:: Exercise goal ::
Everything below from the line with "主要课程: 计算机辅助产品设" through the line with "Готовый к рыбалке горох." must be retyped exactly, except the pictures.

---

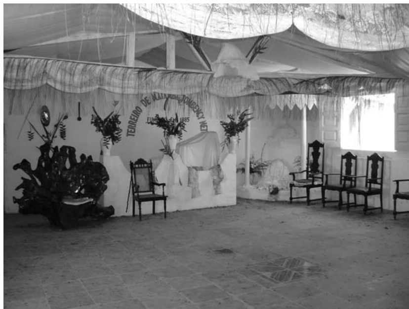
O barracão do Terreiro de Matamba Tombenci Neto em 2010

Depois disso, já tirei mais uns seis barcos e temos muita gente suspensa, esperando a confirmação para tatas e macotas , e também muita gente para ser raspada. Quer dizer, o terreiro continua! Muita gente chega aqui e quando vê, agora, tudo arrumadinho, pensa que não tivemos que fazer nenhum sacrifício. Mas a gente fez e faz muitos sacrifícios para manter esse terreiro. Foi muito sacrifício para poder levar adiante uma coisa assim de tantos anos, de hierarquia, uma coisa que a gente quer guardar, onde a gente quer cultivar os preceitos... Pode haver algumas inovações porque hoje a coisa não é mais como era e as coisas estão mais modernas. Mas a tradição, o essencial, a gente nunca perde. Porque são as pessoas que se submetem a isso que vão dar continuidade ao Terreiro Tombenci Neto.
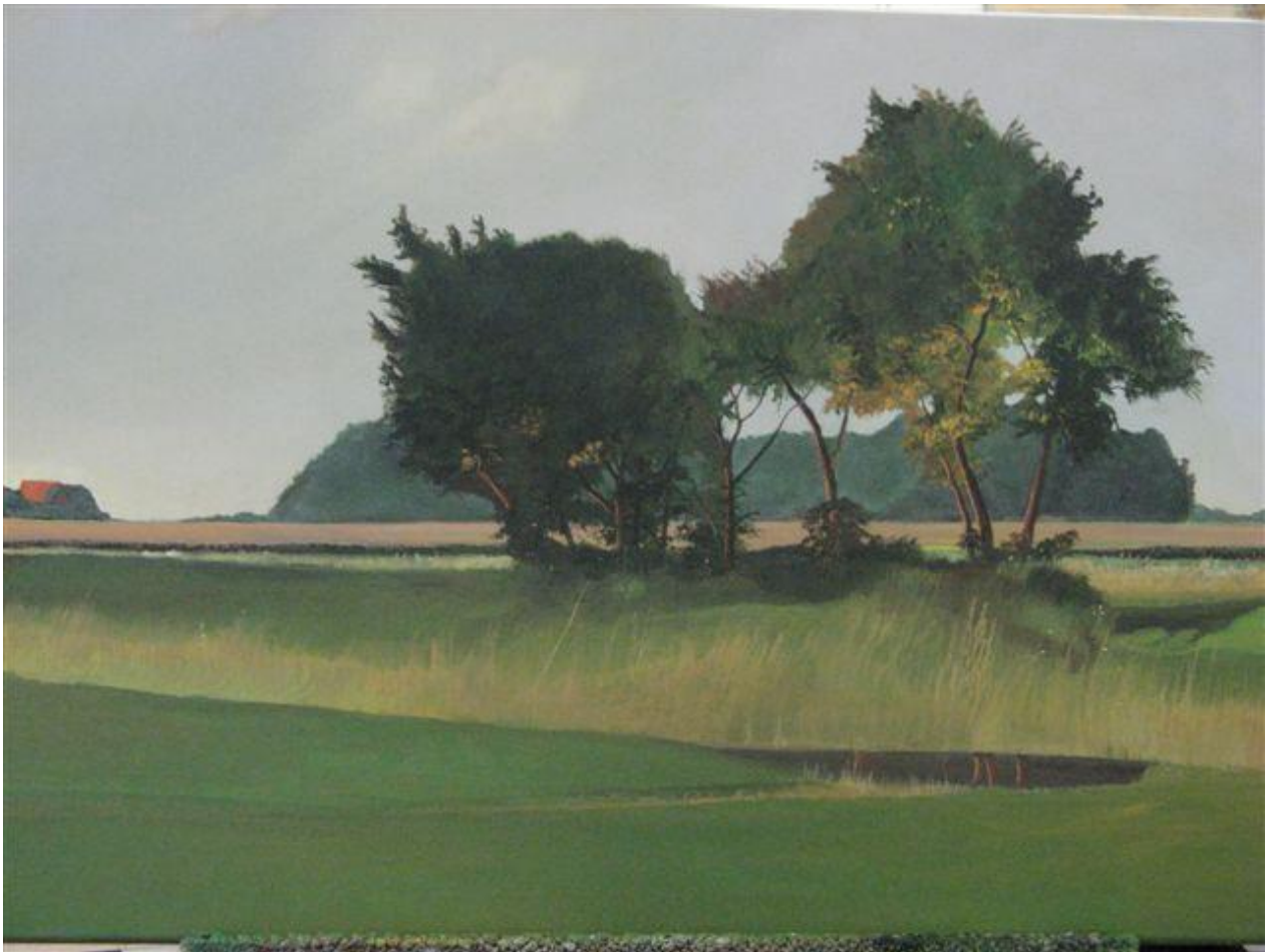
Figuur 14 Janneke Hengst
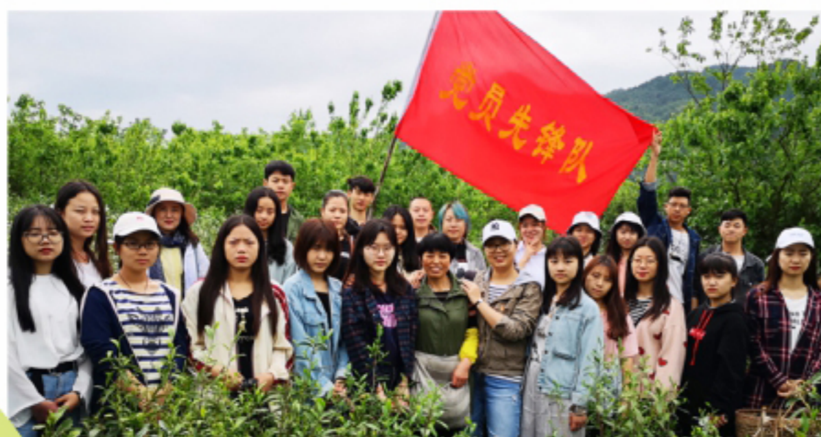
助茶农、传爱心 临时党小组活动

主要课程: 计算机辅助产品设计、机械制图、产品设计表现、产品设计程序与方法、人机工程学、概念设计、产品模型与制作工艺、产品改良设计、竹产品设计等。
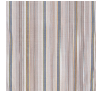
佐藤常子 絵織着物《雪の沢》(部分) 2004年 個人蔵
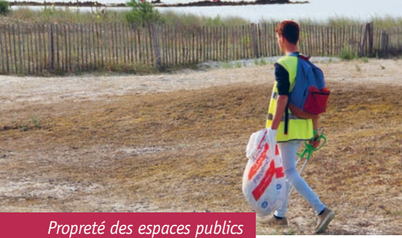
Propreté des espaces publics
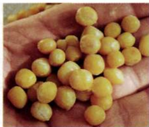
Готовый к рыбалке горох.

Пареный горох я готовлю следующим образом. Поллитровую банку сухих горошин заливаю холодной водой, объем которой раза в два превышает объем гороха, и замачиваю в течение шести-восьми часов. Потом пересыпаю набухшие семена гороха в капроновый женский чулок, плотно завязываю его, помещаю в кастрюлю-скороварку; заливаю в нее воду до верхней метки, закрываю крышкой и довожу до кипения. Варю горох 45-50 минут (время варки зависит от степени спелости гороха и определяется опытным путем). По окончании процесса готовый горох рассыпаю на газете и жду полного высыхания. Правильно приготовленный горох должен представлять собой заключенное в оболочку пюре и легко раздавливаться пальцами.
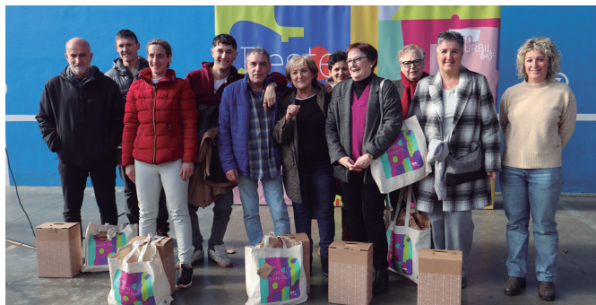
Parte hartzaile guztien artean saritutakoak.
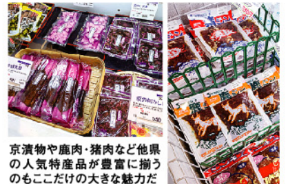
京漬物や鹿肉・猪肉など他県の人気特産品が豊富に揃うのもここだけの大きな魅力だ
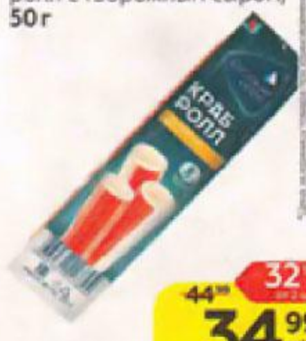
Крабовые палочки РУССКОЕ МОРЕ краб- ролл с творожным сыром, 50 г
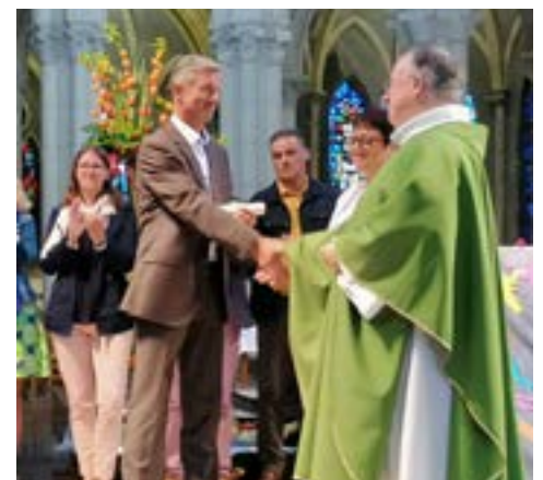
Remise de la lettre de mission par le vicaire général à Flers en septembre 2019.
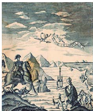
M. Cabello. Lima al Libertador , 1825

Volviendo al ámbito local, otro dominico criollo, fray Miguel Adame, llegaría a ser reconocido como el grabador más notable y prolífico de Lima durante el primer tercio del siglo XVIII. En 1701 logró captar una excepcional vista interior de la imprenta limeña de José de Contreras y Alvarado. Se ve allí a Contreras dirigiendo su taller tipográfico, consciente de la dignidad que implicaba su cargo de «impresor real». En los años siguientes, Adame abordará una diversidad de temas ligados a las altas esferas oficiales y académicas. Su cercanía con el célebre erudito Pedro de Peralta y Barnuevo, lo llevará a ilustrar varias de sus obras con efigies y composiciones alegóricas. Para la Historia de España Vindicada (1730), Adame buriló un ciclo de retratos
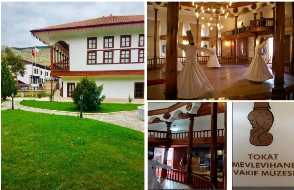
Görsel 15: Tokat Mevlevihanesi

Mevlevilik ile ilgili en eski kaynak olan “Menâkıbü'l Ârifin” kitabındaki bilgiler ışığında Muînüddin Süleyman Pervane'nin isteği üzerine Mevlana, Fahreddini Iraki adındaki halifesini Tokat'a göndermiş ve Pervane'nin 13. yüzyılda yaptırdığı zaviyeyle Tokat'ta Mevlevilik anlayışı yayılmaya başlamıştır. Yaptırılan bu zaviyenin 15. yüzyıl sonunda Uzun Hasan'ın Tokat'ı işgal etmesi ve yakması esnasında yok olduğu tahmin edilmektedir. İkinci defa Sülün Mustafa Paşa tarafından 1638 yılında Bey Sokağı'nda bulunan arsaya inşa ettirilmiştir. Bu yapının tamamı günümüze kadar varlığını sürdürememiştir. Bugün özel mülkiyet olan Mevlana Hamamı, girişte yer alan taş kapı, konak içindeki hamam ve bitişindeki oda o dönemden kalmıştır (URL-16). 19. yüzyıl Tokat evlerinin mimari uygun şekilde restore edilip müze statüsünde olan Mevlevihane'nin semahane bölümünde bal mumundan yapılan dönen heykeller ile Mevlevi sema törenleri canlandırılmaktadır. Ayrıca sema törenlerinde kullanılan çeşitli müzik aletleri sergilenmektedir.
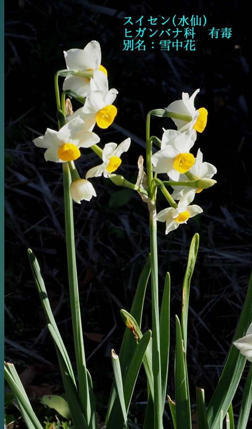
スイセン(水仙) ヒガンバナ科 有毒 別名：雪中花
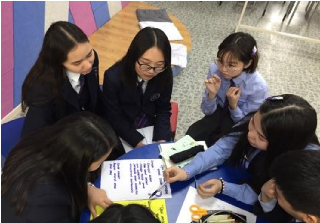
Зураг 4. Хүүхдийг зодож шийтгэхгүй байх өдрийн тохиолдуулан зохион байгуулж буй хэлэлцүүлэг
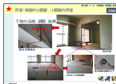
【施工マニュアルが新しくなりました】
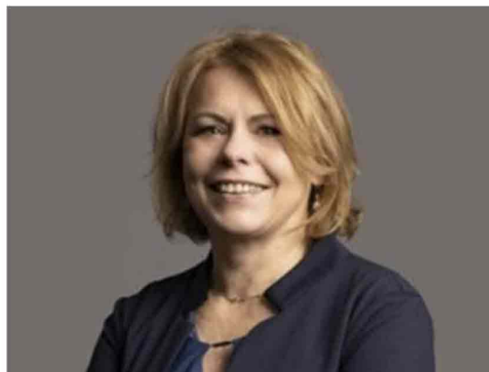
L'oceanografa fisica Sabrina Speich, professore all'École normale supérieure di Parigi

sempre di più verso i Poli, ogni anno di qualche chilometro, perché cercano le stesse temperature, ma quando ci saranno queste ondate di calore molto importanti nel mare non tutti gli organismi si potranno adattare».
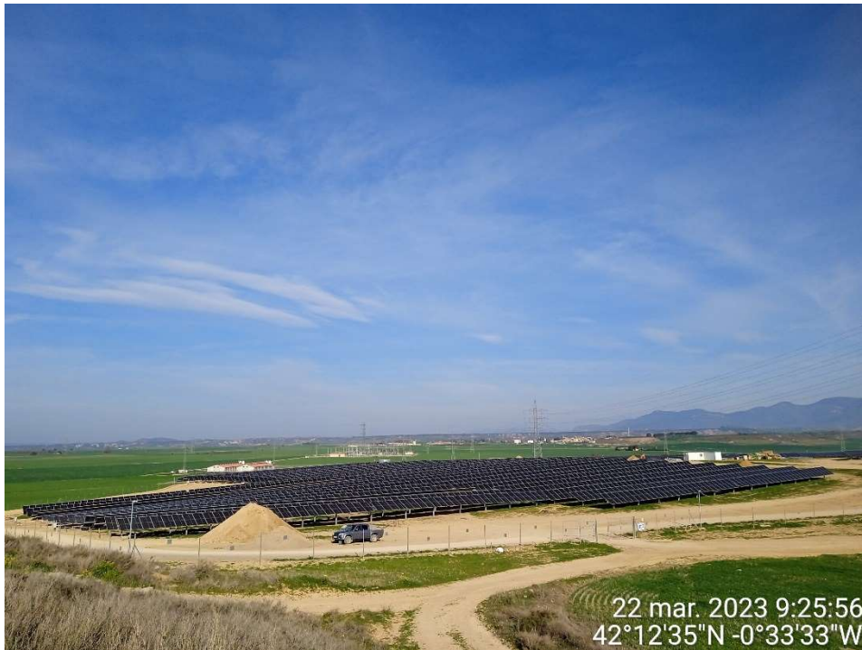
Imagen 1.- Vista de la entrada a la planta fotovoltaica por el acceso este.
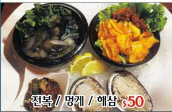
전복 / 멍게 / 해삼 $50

---

:: Solution to this problem ::
主要课程: 计算机辅助产品设计、机械制图、产品设计表现、产品设计程序与方法、人机工程学、概念设计、产品模型与制作工艺、产品改良设计、竹产品设计等。
佐藤常子 絵織着物《雪の沢》(部分) 2004年 個人蔵
Propreté des espaces publics
Готовый к рыбалке горох.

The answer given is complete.